Doesn’t that exclude the possibility to have all fingers in? I mean if I only have 1 finger, then it is 2^1 options which is 2.

Obviously for the fighting thought experiment you need to calculate minus 1 since not fighting is not an option of course.

Skylien,

I didn’t watch the Khan video so I don’t know how they explained it in words, but it must not be including the empty set.

So in general, the power set has 2^n elements, if you include the full set and empty set as elements of the power set.

With the Punch Out problem we weren’t including the case where you fight 0 opponents, so you subtract 1.

And, I guess the Khan video said you have to be sticking out at least 1 finger.

Thus, if you only have 1 finger, then there is only 1 combo, i.e. 2^1 – 1 = 1.

Let’s not focus on the kid knowing the formula for the size of the power set. The clever bit is recognizing that this IS the power set. If you focus on the number of m size matches, 1,2 ,3 … etc you solve it like you did with your phone. If you get the aha you solve it like your kid did — the clever way.

Yeah, the fact that an 11 year-old could recognize the powerset connection is impressive. I knew the cardinality of a power set at age 11 (I even knew about transfinite arithmetic – I’m a lifelong nerd). But I don’t think at that age I would have been able to recognize that it’s a power set.

By the way, you’re comment gets me thinking, is there a simple way to prove using the combinations formula that the cardinality of a powerset is 2^n. Of course it’s trivially easy to just prove the cardinality of power set directly, but I’m wondering if there’s some sigma notation identity involving factorials that would give you the result from the combinations formula.

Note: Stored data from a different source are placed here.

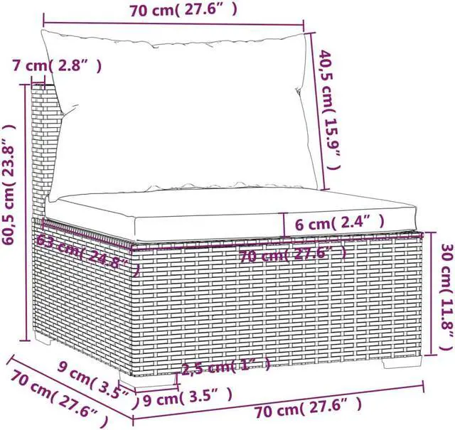 Middle sofa dimensions: 27.6" x 27.6" x 23.8" (L x W x H)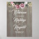 Välkomstskylt för Dusty ro blommigt land bröllop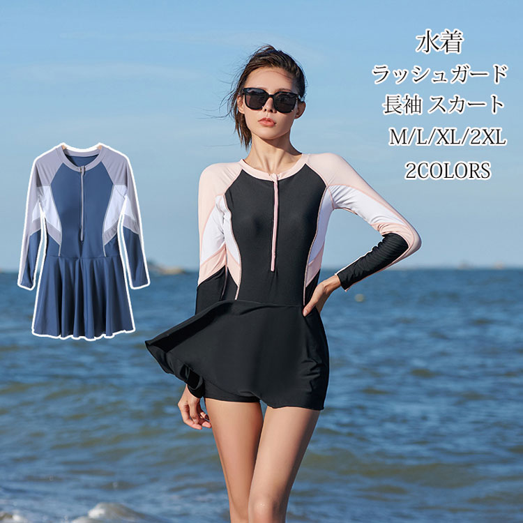 ワンピース 水着 レディース オールインワン ワンピース水着 長袖 ドッキング スカート パッド付き フレア スポーツ水着 フィットネス水着 スイムウェア 女性 日焼け防止 サーフィン ラッシュガード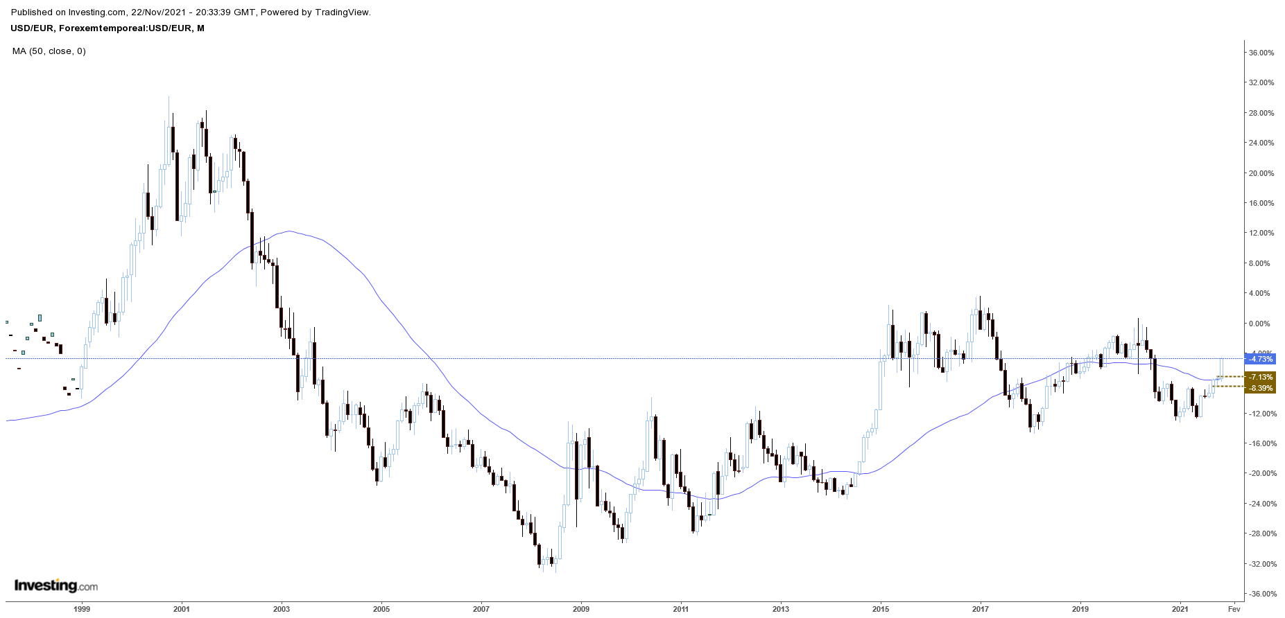 O EUR/USD perde 1% na semana e volta a bater mínimos de 2021 - eu continuo convencido que este "bear" tem pernas, devido ao diferencial de juros / inflação entre as áreas do dólar e do euro.

If you list every singleton, then every pair, then every triplet, etc up the the full set you have enumerated all the subsets once each. Hence the sums are equal. (For finite sets!)

Yeah, that’s obvious, but I’m just wondering whether it’s also possible to prove it using the combinations formula and sigma notation.

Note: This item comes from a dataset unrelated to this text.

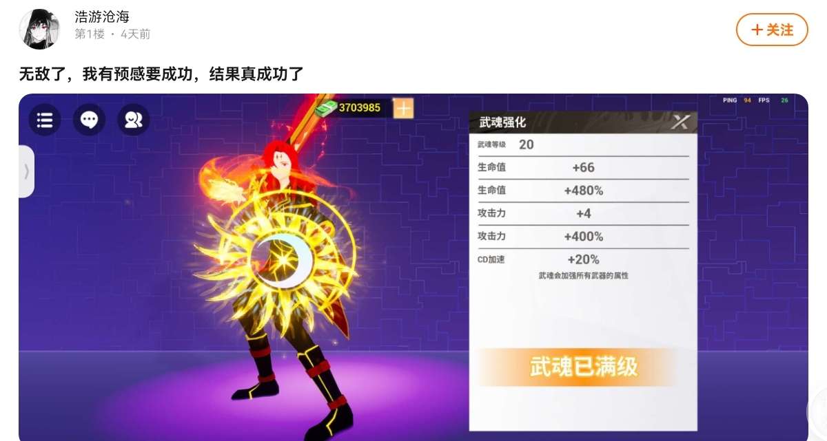 唐三满级武器属性:HP385,ATK16,暴击25%,CD+20%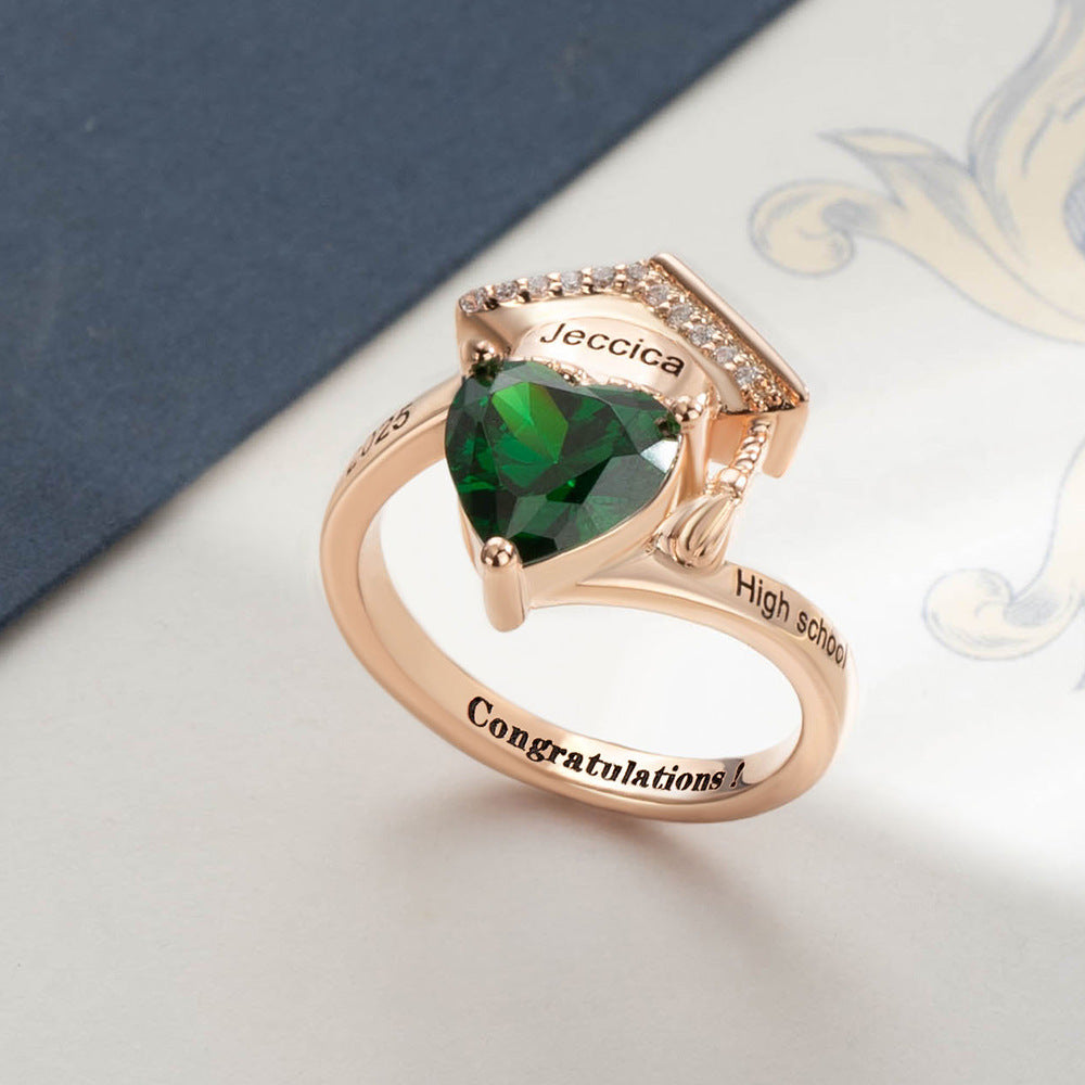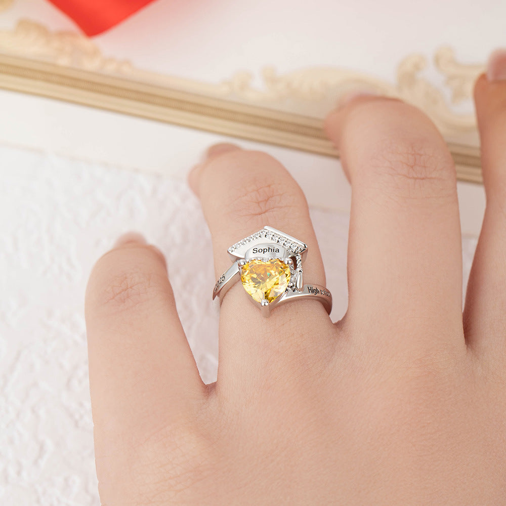 Bachelor's hat ring Women's customizable class ring Graduation Gift

Wow! Justifiably proud papa.

whaaaattttt?

I recall mathematical series from Jr. high, this is sigma of 11 combination r where r ranges from 2 to 11. I’m glad i had good math teachers and i can recall it after more than 20 years even though i studied in a school from very small rural toen in India.

Bob, did you not realize that the problem boiled down to finding the cardinality of a power set, or did you just not remember the expression for the cardinality of a power set? Because as soon as I read the problem statement, the answer immediately came to me. But I’m not going to say “Who the heck doesn’t know…”, because the average person on the street has never even heard “cardinality” or “power set”.

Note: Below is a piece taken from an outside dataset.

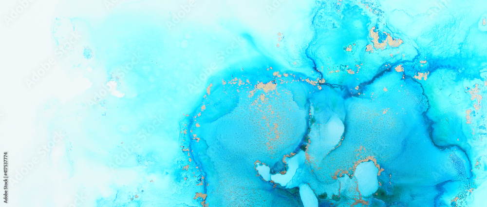 art photography of abstract fluid art painting with alcohol ink, blue and gold colors

It is deeply impressive that he could see the connection between what he already knew and the question at hand. The similarity in the two problems is non-obvious, in my opinion, and it would have taken me awhile to realize the connection myself, even though I would have come up with the numerical solution the way Dr. Murphy did quite quickly, and I have studied advanced set theory. That is one kid thinking outside the box!

Bob, I highly recommend that you get your son the book “The Number Devil”. It’s a book written for kids that introduces a lot of advanced concepts in math, including Pascal’s triangle, triangular numbers, the Fibbonaci series, the notion of axioms and theorems, the Sierpinksi triangle etc. My uncle, who’s a mathematician, got me the book in 4th grade, and it made me fall in love with the subject.

Another good book, which I read in 5th grade, is “The Fourth Dimension” by Rudy Rucker. It’s about visualizing the fourth dimension, the concept of Flatland, Plato’s cave, etc.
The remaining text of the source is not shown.